En entrevue à CNN et au Wall Street Journal au cours des derniers jours, Stephen Harper a prédit que «nous ne vaincrons pas l'insurrection seulement en demeurant là», dans ce pays dont toute l'histoire est une chaîne de violence presque sans interruption.

 

Entendant cela, les trois partis de l'opposition ont crié victoire à la Chambre des communes, hier, estimant que le premier ministre se rend ainsi à leurs arguments. En fait, Harper reprenait grosso modo l'analyse contenue dans un «manuel de contre-insurrection» récemment mis en circulation par le ministère de la Défense nationale et signé par le commandant de l'armée de terre, Andrew Leslie; on y prévient qu'une paix durable en Afghanistan viendra, non pas des armes, mais d'une solution politique.

Qu'importe: on voit ce que cela sous-entend. Et ce n'est pas particulièrement gai aux yeux de quiconque entretient encore un brin d'idéalisme.

Cela implique en effet qu'il faudra, comme nous l'avons déjà noté ici, négocier avec certaines des factions talibanes, celles qui, au minimum, n'entretiennent pas de liens avec le djihad global.
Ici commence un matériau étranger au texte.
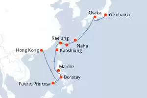 Chine, Japon, Corée du Sud, Taïwan, Philippines Itinéraire: Hong Kong , Puerto Princesa , Boracay , Manille , Kaoshiung , Keelung , Ishigaki , Naha , Osaka , Tokyo , Shimizu , Osaka , Osaka , Kagoshima , Nagasaki , Pusan , Yeosu , Fukuoka , Hiroshima , kochi , Tokyo Pension Complète MS Westerdam 29 jours Cabine standard Hong Kong 14/02/2027 dès 3579 € Cuisine Raffinée Animations à bord exclusives Expérience Premium Pension Complète Voir les offres
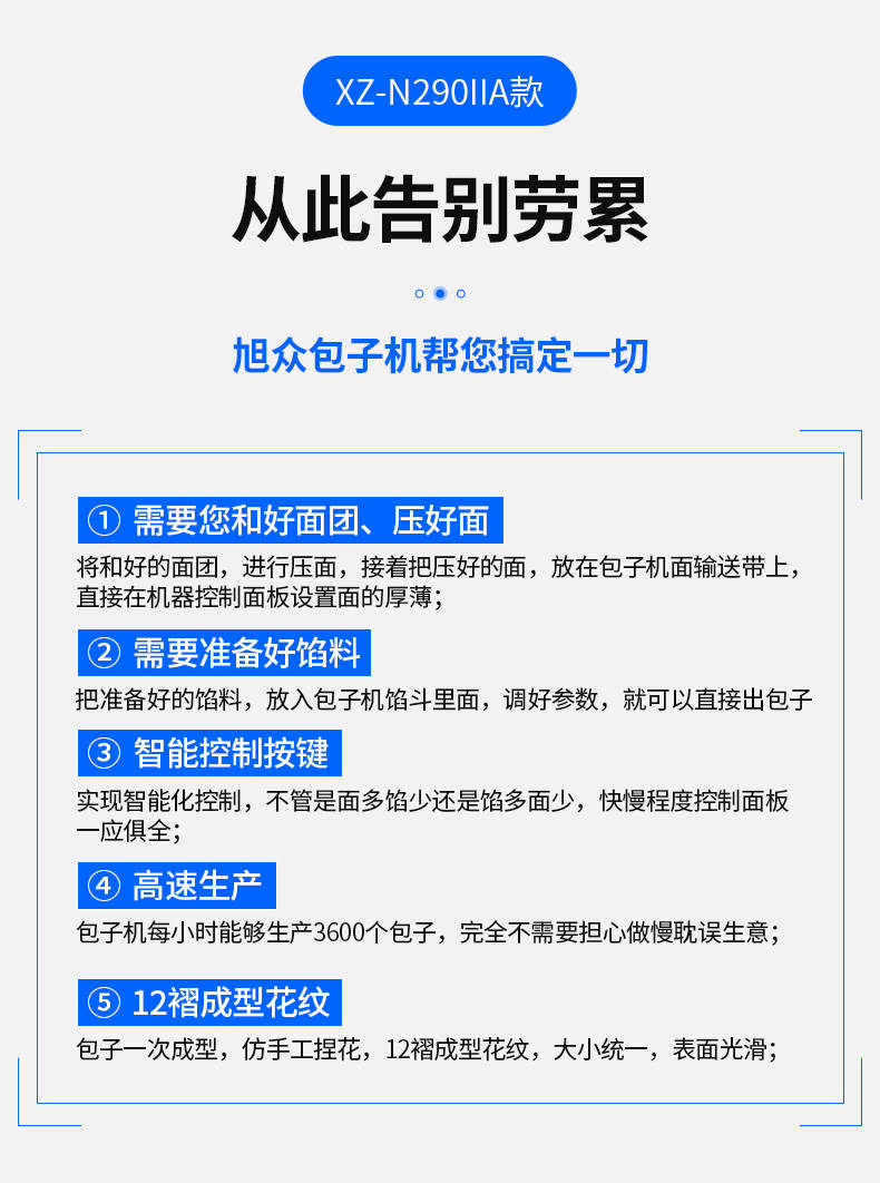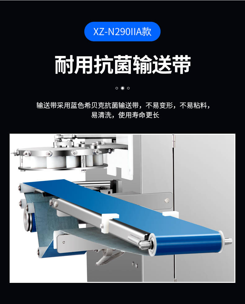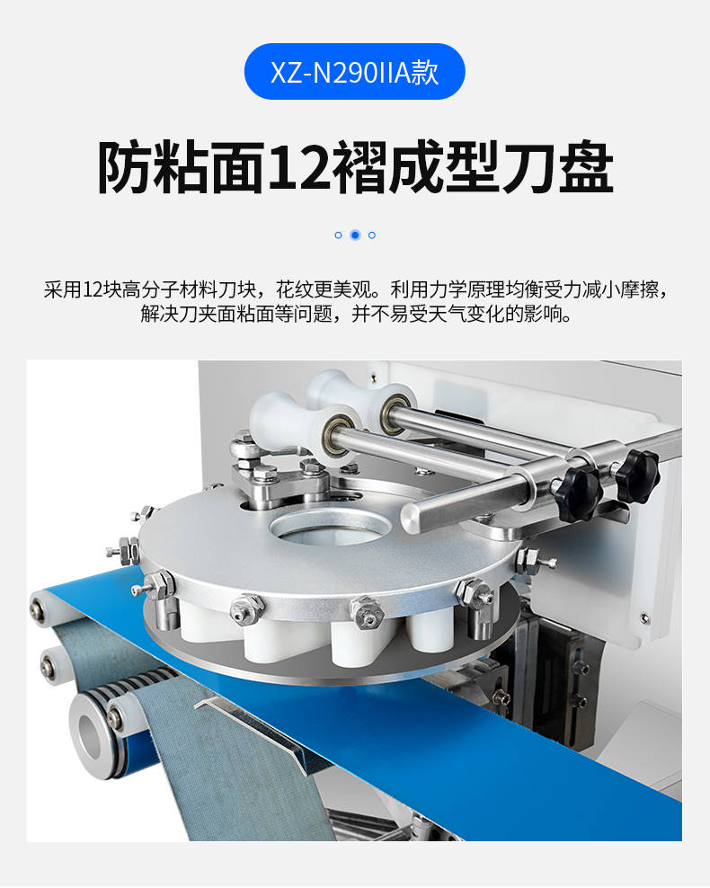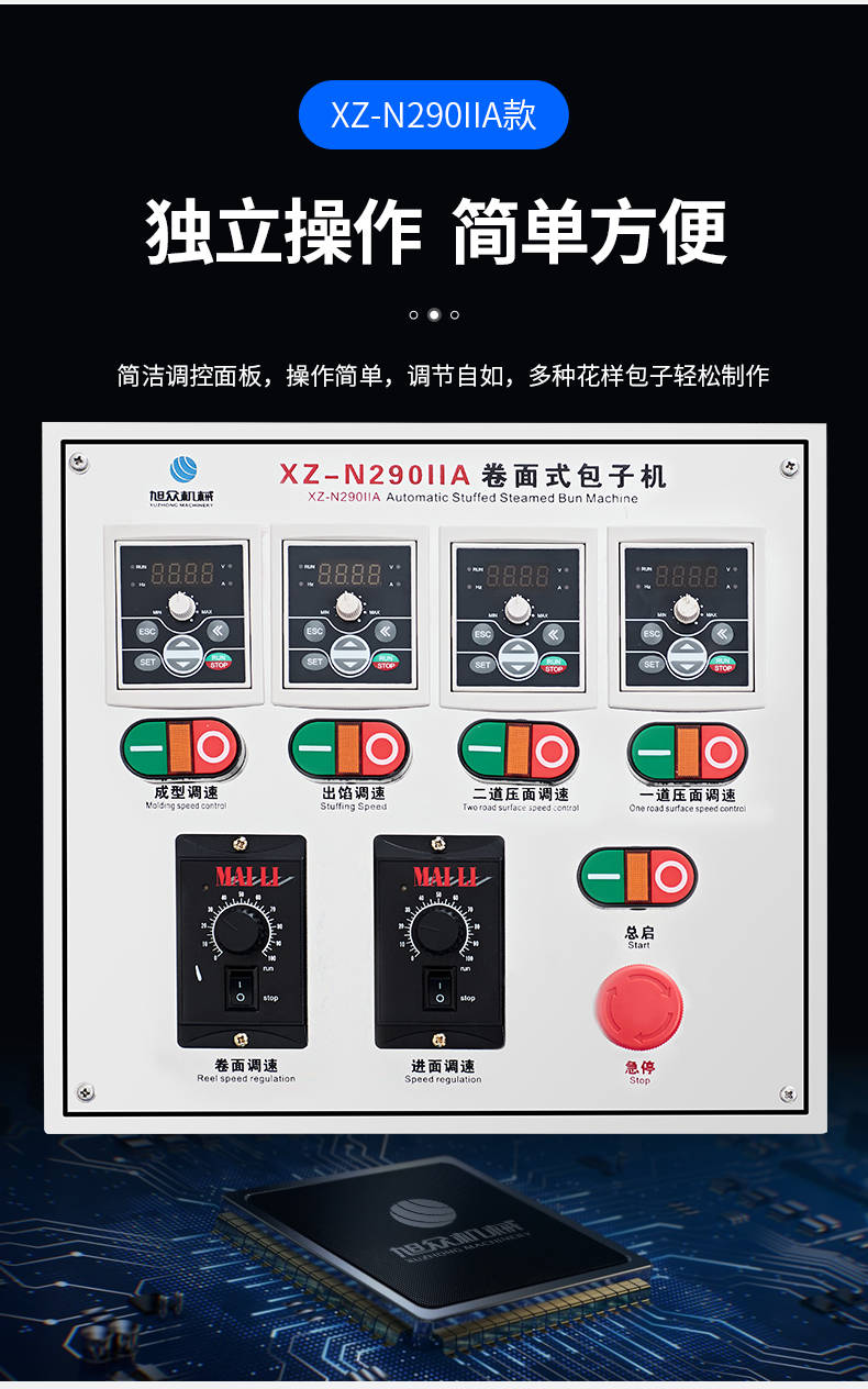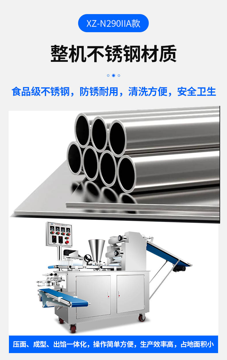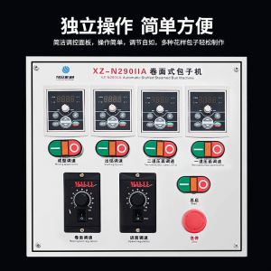 XZ-N290IIA卷面式包子機,壓面成型面皮,卷面方式包餡。仿手工捏花、一次成型、表面光滑、口感勁道。面餡可調、制品多樣。產品重量精度高,規格,大小,面皮的厚度皆可調控。

Qu'il faudra «apprendre à vivre avec l'islam radical», comme le résume Fareed Zakaria dans Newsweek.

Ce qui veut dire: accepter le fait que, lorsqu'elle sera un jour laissée à elle-même, la société afghane sera asymétrique. Au mieux, en partie démocratique et en partie féodale. Soumise pour une bonne part à des codes étouffants et rétrogrades, en particulier pour les femmes. Peu apte à assurer à sa population, même à long terme, une existence se situant ne serait-ce qu'un peu au-dessus du niveau de la misère... et il vaut mieux ne pas trop miser sur cette bouée morale que constitue l'aide internationale, surtout non protégée, comme les dernières décennies l'ont douloureusement démontré un peu partout dans le monde. Fin des illusions.

L'image qui émerge de tout cela, c'est celle d'une grande impuissance de l'Occident.

Car même si l'on contemple ce qu'il advient de l'objectif urgent et premier de l'opération afghane, celui de priver la terreur islamiste d'une base arrière sécuritaire, il faut bien constater qu'on n'y est pas vraiment arrivé non plus: les cadres supérieurs d'Al-Qaeda ont tout simplement déménagé... Et si le bureau-chef benladien a perdu beaucoup de son élan, cela relève davantage de sa propension à massacrer des musulmans au nom de l'islam que des coups reçus de l'extérieur.

Bref, depuis que Barack Obama est entré à la Maison-Blanche, il y a six semaines, on a compris que le mot «victoire» avait perdu son sens, en Afghanistan. Avant de décider quoi que ce soit, il faudra maintenant lui en trouver un nouveau.